[Instructions for the task]: The lines to transcribe begin with the one containing "13-Month 28-Day Calendar" and end with the last line below; reproduce them exactly, without the pictures.

[Supplied information]:
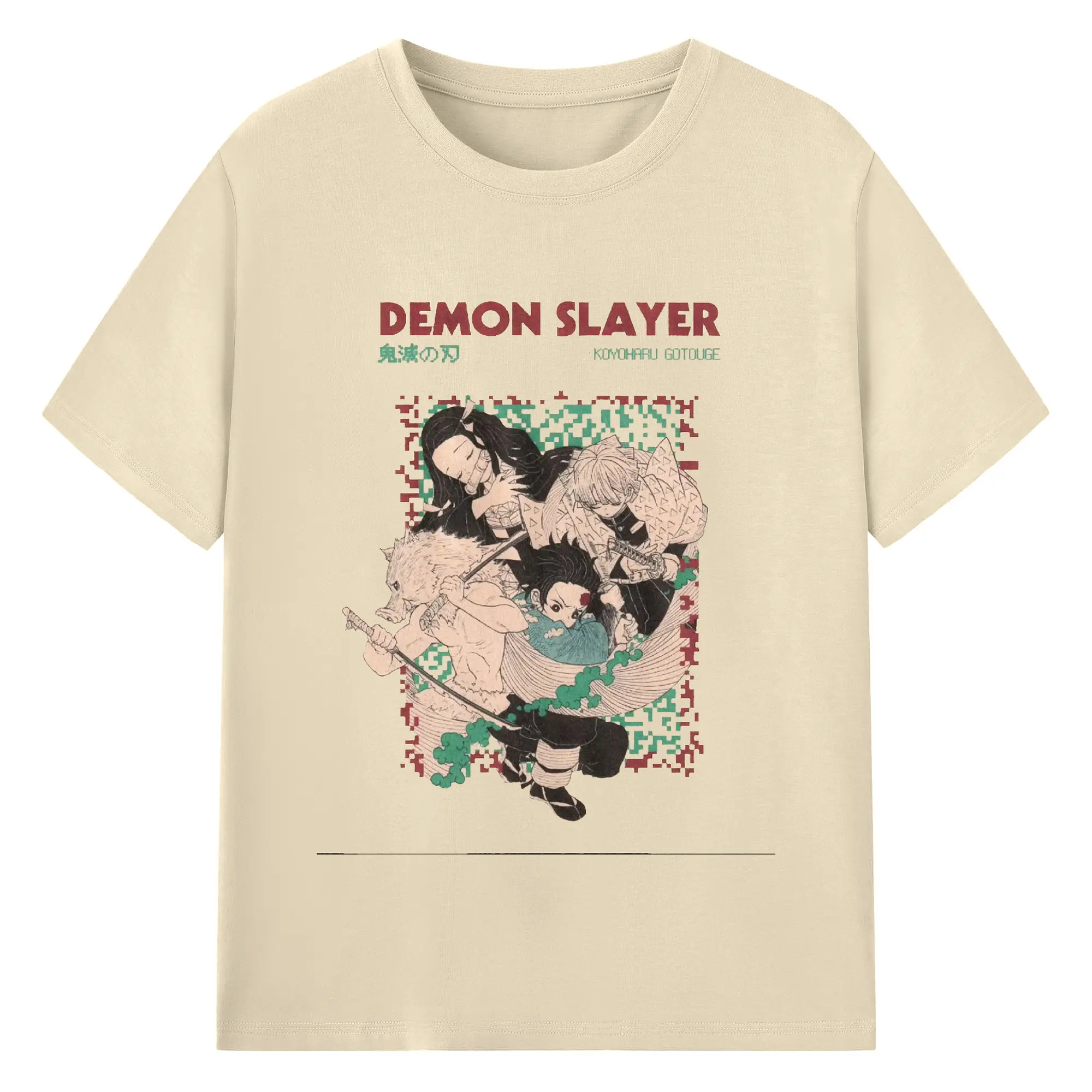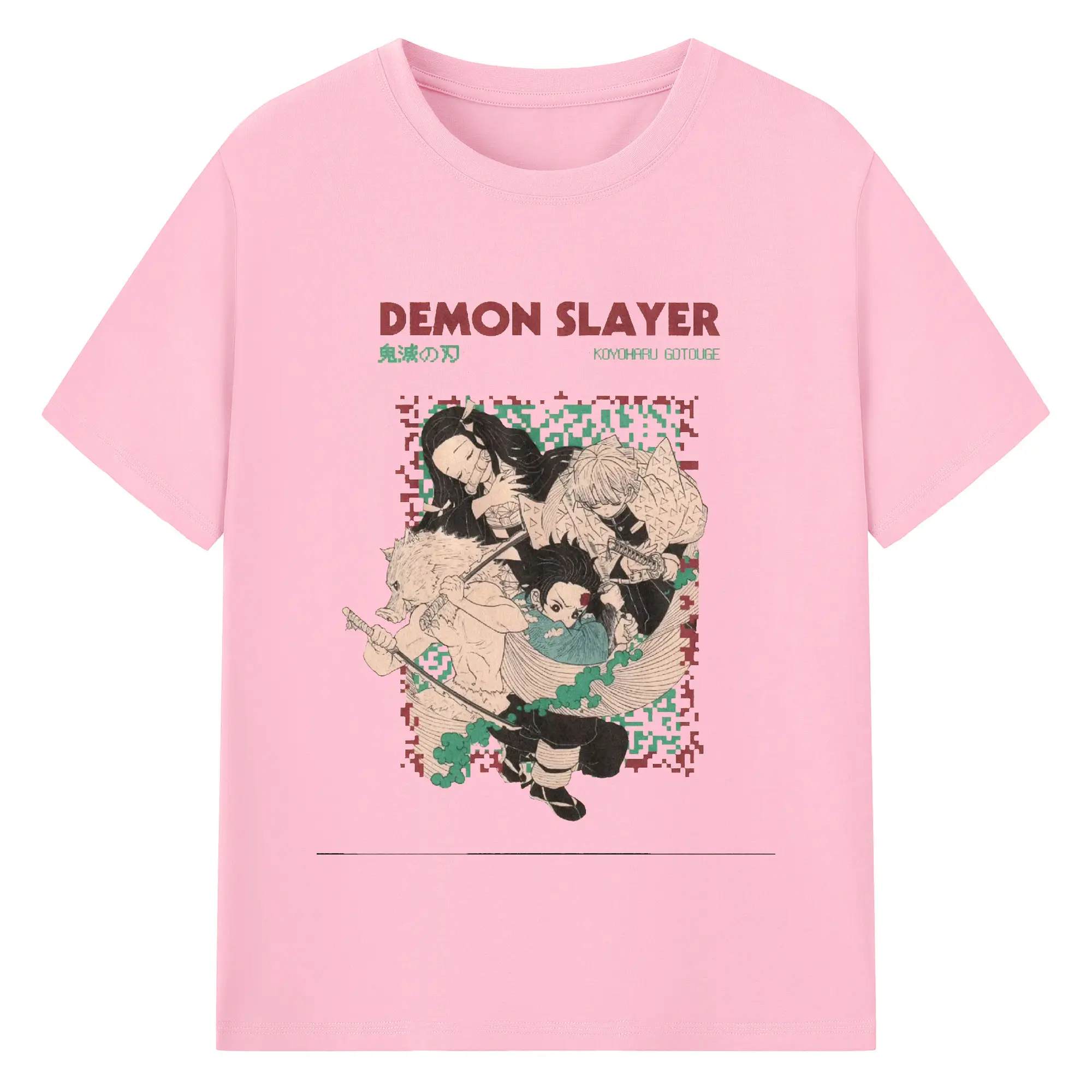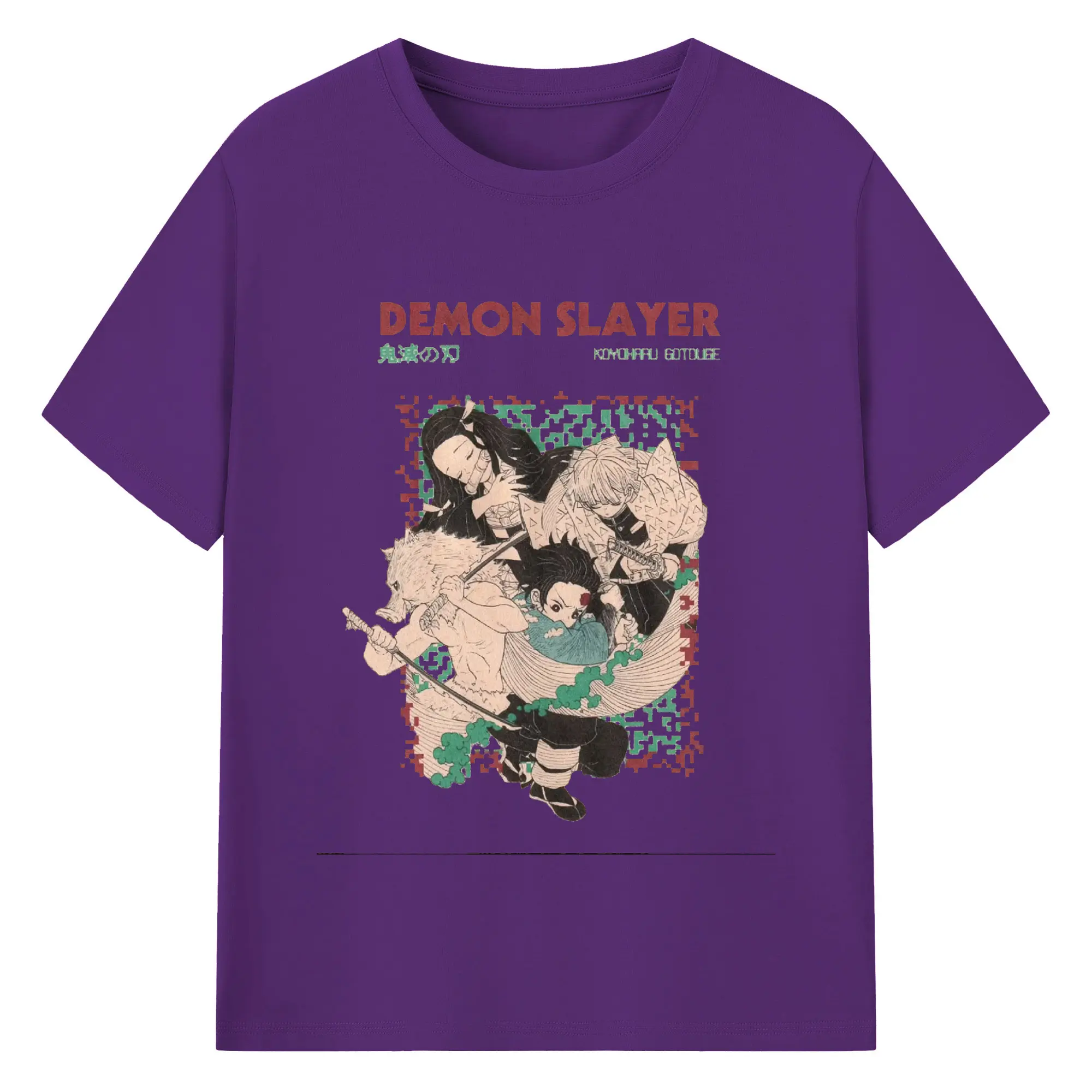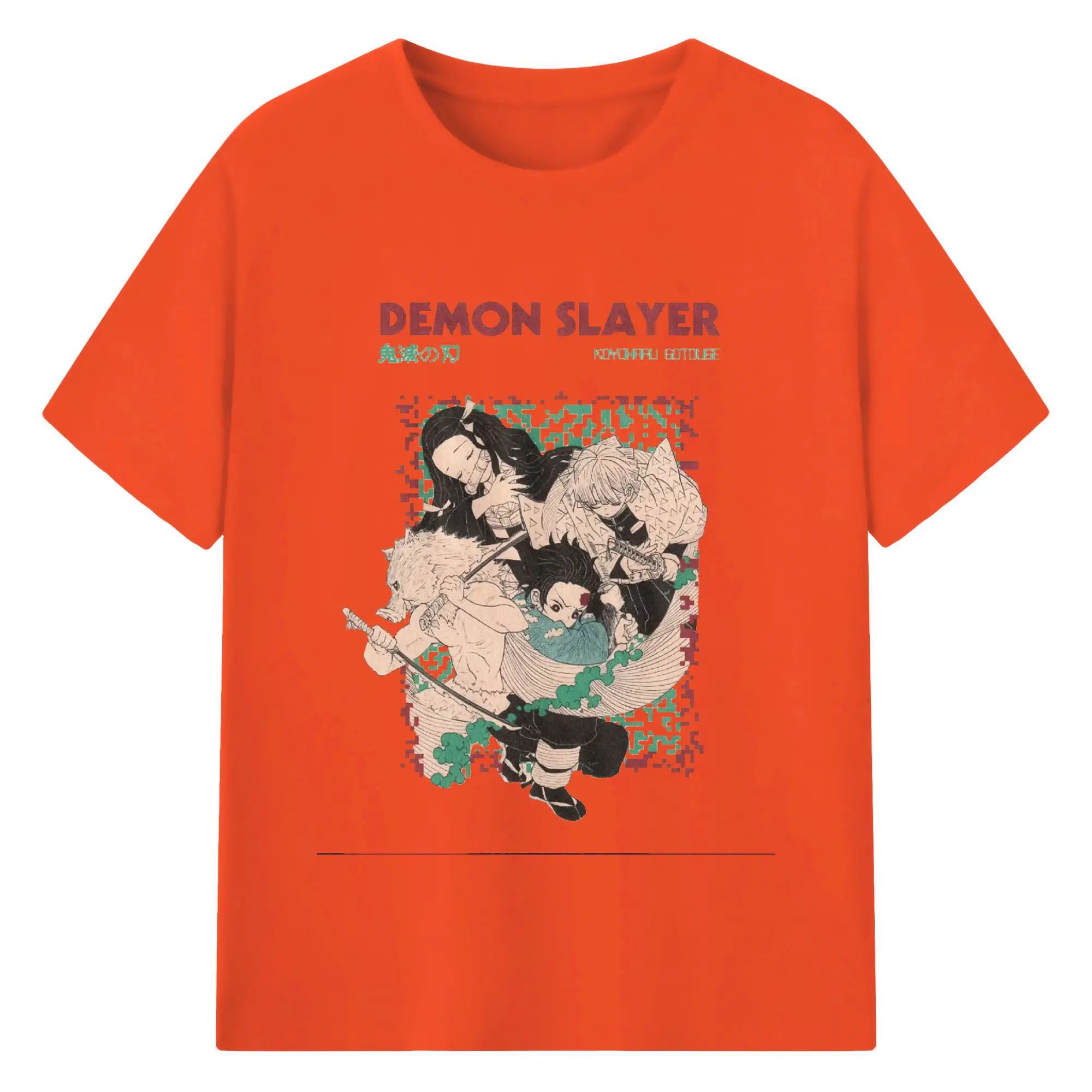 鬼滅の刃 鬼殺隊 炭治郎禰豆子善逸伊之助 - 綿100% 半袖Tシャツ ・ フロントプリント ・ 快適 通気性 ・ 日常使い 散歩 スポーツ用
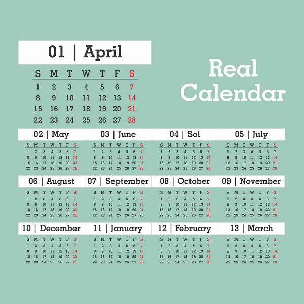 13-Month 28-Day Calendar | 364-Day Printable Planner | April-March Layout | SVG/PDF/PNG | Instant Download | Fresh Design!
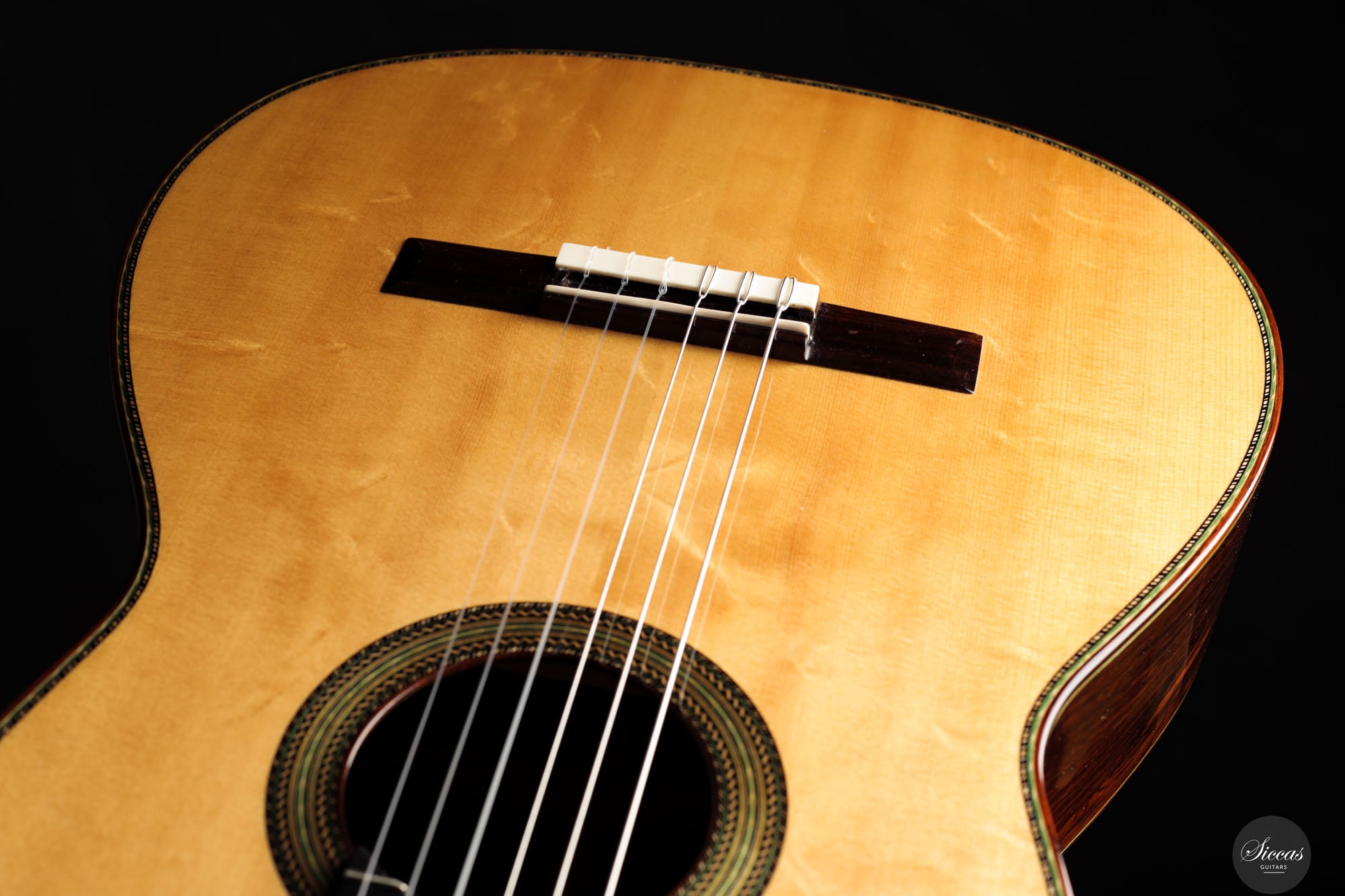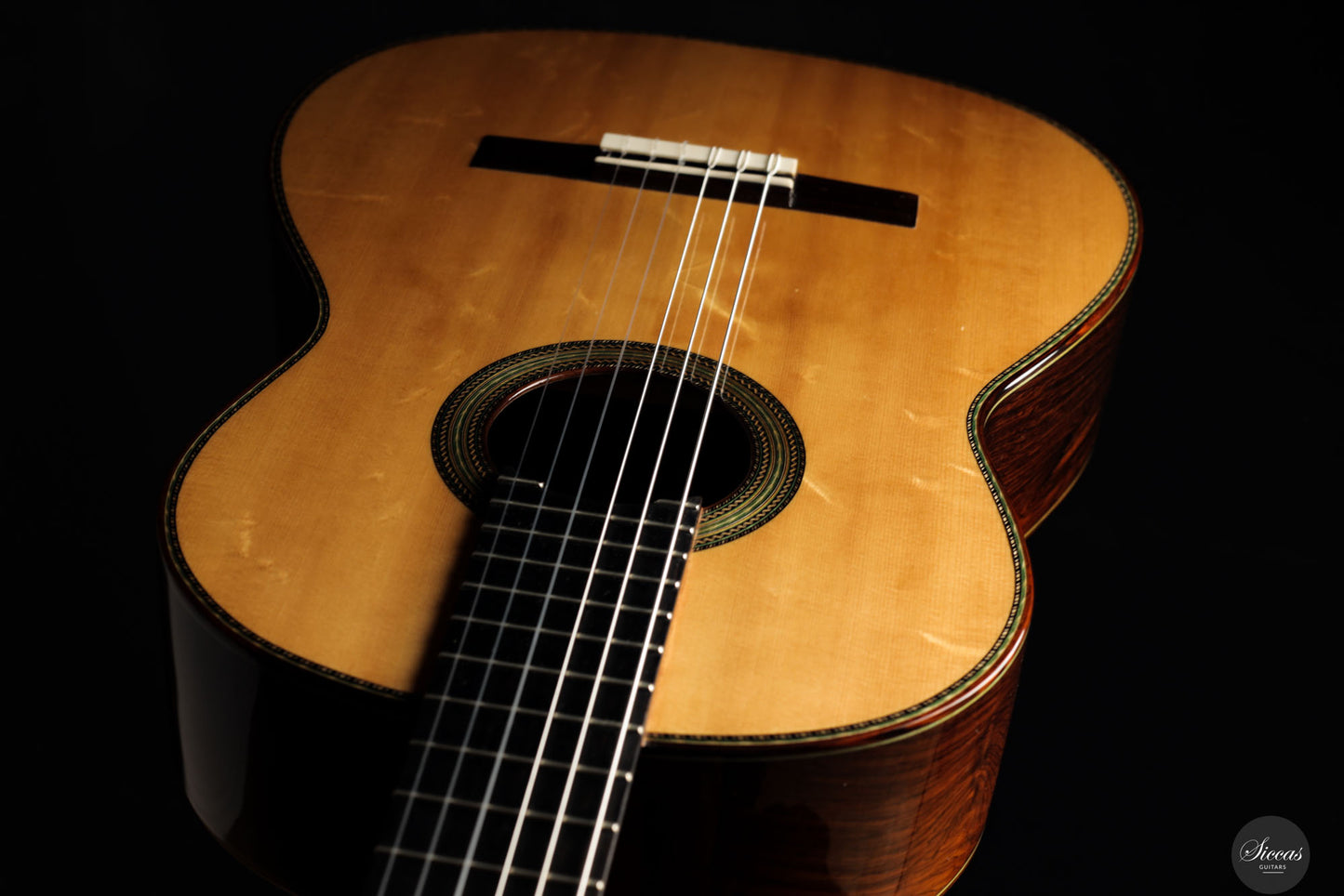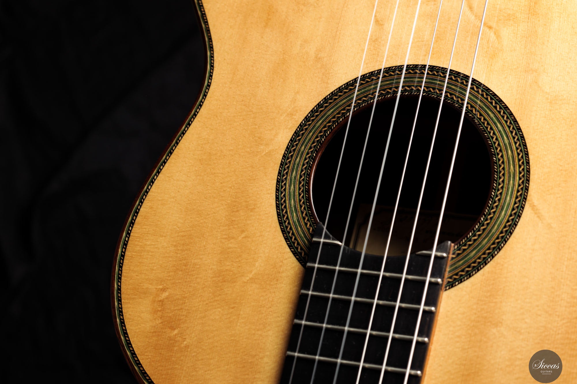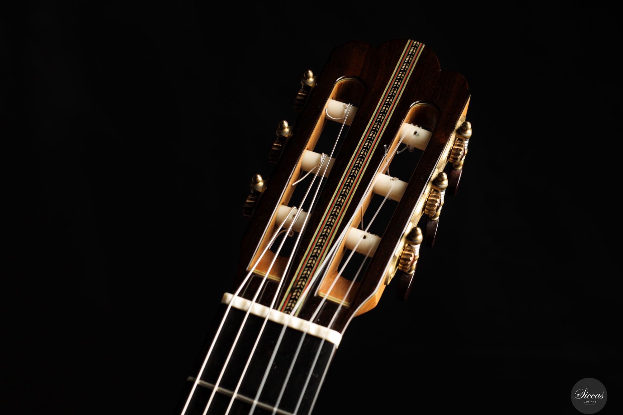 This beautiful guitar is inspired by the work of Antonio de Torres. Aesthetically, it features many ornamental elements reminiscent of Torres’s original instruments, while also incorporating modern touches such as an elevated fingerboard. The spruce soundboard is visually striking, adorned with prominent bearclaw figures. The back and sides are made from straight-grained Brazilian rosewood of the highest quality. Tonally, the guitar offers excellent balance between basses and trebles, with great clarity and warmth. It is easy to play and responds exceptionally well to the right-hand attack. The volume is impressive—an essential characteristic of a modern concert guitar.Condition

[Reply]:
 13-Month 28-Day Calendar | 364-Day Printable Planner | April-March Layout | SVG/PDF/PNG | Instant Download | Fresh Design!
 This beautiful guitar is inspired by the work of Antonio de Torres. Aesthetically, it features many ornamental elements reminiscent of Torres’s original instruments, while also incorporating modern touches such as an elevated fingerboard. The spruce soundboard is visually striking, adorned with prominent bearclaw figures. The back and sides are made from straight-grained Brazilian rosewood of the highest quality. Tonally, the guitar offers excellent balance between basses and trebles, with great clarity and warmth. It is easy to play and responds exceptionally well to the right-hand attack. The volume is impressive—an essential characteristic of a modern concert guitar.Condition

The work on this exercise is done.